Mehar Singh, J.
1. The plaintiff, Vijay Shanker, who is the appellant, was on January, 19, 1947, about two years and two months old, when, at about 3 p.m., on that day, he was crossing the Railway line between Hardinge Bridge and New Delhi Railway stations, opposite residential locality of Mahabat Khan Road, New Delhi, and wasrun over by a Parcel Express coming from Agra to Delhi. His legs were injured and later on had to be amputated.
2. The Railway track, on which the accident took place, was laid some time in 1902. Between Hardinge Bridge and New Delhi Railway stations, on both sides of the track, residential buildings and quarters have sprung up since about 1938 and 1939. Mahabat Khan Road quarters are on one side of the track and the plaintiff was residing with his father in No. 26-E of that Road. On the afternoon of the accident he was playing near the track. He along with a few other children, tried to cross the track, when the Parcel Express was approaching in the direction of New Delhi Railway station.
The other children crossed the track. The plaintiff was crawling while crossing the track. According to the driver of the Parcel Express, T.D. Bose D. W. 3, when he saw the plaintiff, he whistled and applied vacuum brakes succeeding in pulling up the train at a distance of 50 to 70 yards, but before he could pull up the train the plaintiff had not been able to clear himself off the track and was run over by the train causing serious injuries to both of his legs, which as stated, had later on to be amputated near the knee joints. The plaintiff has suffered permanent and complete disability.
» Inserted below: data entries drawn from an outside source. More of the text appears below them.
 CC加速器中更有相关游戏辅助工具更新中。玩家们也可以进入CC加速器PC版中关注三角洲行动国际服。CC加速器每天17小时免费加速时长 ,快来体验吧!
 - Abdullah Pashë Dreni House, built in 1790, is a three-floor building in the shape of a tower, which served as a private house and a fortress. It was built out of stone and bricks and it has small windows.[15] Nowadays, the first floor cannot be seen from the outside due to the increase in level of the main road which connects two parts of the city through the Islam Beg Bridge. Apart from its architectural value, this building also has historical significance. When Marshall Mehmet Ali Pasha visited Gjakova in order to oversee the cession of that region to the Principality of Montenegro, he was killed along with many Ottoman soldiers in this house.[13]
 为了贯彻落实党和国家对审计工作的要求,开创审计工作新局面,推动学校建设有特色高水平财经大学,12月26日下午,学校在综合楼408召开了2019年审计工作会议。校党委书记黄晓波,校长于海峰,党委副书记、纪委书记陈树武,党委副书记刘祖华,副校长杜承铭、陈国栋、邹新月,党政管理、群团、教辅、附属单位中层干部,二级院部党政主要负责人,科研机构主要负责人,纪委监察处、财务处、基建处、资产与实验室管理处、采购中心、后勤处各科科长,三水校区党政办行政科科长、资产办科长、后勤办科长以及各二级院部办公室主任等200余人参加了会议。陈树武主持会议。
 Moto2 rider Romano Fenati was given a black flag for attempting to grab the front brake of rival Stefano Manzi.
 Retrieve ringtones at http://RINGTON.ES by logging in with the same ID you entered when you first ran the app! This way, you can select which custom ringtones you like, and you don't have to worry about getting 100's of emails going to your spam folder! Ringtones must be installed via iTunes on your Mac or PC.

3. The claim by the plaintiff is for a damage of one lakh rupees for the injuries sustained and for expenses of artificial limbs that he must use, but has to keep on changing at intervals as he grows up. No negligence on the part of the driver of the train has been alleged nor is there any evidence of any negligence by him. The claim is based on the negligence of the Railway of the defendant, now Union of India, in not fencing the track in front of the residential houses and quarters so as to be a barrier and prevention for the children and the public in general from crossing over the Railway track.
The main defence of the defendant is that there is no such duty in law to fence the track imposed upon the defendant. This defence has found favour with the learned trial Judge, who has, though finding that the cost of the artificial limbs, during the expected life time of about 60 years of the plaintiff, approximates to about Rs. 20,000/- and damages, because of the injuries having regard to the status of the family, should be about Rs. 30,000/-, the total coming to Rs. 50,000/-, dismissed the suit, leaving the parties to bear their own costs. The decree is dated 13-12-1951, and the plaintiff appeals against the decree.
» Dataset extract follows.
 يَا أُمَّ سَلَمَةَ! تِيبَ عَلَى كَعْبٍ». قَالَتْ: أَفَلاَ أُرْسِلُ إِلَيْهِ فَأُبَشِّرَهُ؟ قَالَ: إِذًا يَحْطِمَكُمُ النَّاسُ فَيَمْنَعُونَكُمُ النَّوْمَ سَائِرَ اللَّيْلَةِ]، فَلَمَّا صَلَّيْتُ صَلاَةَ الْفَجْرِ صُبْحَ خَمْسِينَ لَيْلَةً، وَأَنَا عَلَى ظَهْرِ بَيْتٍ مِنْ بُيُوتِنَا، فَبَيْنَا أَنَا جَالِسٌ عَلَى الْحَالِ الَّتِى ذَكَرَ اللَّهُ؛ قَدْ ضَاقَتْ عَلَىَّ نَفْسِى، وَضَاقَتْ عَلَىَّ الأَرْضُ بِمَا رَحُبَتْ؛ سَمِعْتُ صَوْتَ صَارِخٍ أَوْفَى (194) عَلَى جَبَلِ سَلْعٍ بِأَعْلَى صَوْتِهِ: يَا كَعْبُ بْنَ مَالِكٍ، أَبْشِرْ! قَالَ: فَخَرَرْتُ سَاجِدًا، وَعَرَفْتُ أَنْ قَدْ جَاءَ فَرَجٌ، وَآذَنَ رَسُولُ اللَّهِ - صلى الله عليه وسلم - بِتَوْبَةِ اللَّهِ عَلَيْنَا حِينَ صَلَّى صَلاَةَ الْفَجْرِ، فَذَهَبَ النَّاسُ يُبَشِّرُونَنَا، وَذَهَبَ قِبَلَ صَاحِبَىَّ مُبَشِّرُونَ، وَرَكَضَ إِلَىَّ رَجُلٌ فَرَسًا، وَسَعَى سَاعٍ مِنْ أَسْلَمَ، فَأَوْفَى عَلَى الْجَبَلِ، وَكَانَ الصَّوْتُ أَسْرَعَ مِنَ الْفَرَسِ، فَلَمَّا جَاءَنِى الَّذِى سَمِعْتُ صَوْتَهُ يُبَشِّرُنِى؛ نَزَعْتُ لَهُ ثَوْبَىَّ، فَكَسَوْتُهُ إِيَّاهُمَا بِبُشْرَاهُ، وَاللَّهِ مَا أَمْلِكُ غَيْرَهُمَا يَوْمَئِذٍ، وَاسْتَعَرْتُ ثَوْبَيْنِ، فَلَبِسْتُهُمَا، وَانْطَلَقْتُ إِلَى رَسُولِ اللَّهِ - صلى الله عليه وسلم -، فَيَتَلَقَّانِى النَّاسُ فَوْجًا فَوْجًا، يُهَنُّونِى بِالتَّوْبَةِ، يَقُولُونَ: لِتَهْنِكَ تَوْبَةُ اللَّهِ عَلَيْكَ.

4. No negligence on the part of the driver of the train is either pleaded or proved. To bring the case within the category of actionable negligence, some wrongful act must be shown, or a breach of some positive duty: per Willes J., as cited at P. 405 of Latham v. B. Johnson and Nephew, Ltd., (1913) 1 KB 398 (A). The question then is what breach of positive duty has been committed by the Railway or wrongful actdone by it in so far as this case is concerned? There is no evidence that children were permitted to be on the track by the Railway or not stopped from being there thus implying permission on its part and bring them in the category of licensees.
The plaintiff was a trespasser on the Railway track. An owner or occupier of land or premises owes no obligation or duty to a trespasser, but he must not set up a trap for him or cause wilful injury to him. In (1913) 1 KB 398 (A), at page 410, Hamilton L. J., observed:
'Where a question arises, not between parties who are both present in the exercise of equal rights inter se. but between parties of Whom one is the owner or occupier of the place and the other, the party injured, is not there as of right, but must justify his presence there if he can, the law has long recognised three categories of obligation. In these the duty of the owner or occupier to use care, if it exists at all, is graduated distinctly, though never very definitely measured.
The cases down to 1864 are collected in Sullivan v. Waters, (1864) 14 ICLR 460 (B). Contractual obligations of course stand apart. The lowest is the duty towards a trespasser. More care, though not much, is owed to a licensee more again to an invitee. The latter term is reserved for those who are invited into the premises by the owner or occupier for some purpose of business or of material interest. Those who are invited as guests, whether from benevolence or for social reasons, are not in law invitees but licensees.. ......... ...........
The rule as to trespassers is most recently indicated in Lowery v. Walker (1911) AC 10 (C) and is stated and discussed in Grand Trunk Railway Company of Canada v. Barnett (1911) AC 361 (D). The owner of the property is under the duty not to injure the trespasser wilfully; 'not to do a wilful act in reckless disregard of ordinary humanity towards him'; but otherwise a man 'trespasses at his own risk'.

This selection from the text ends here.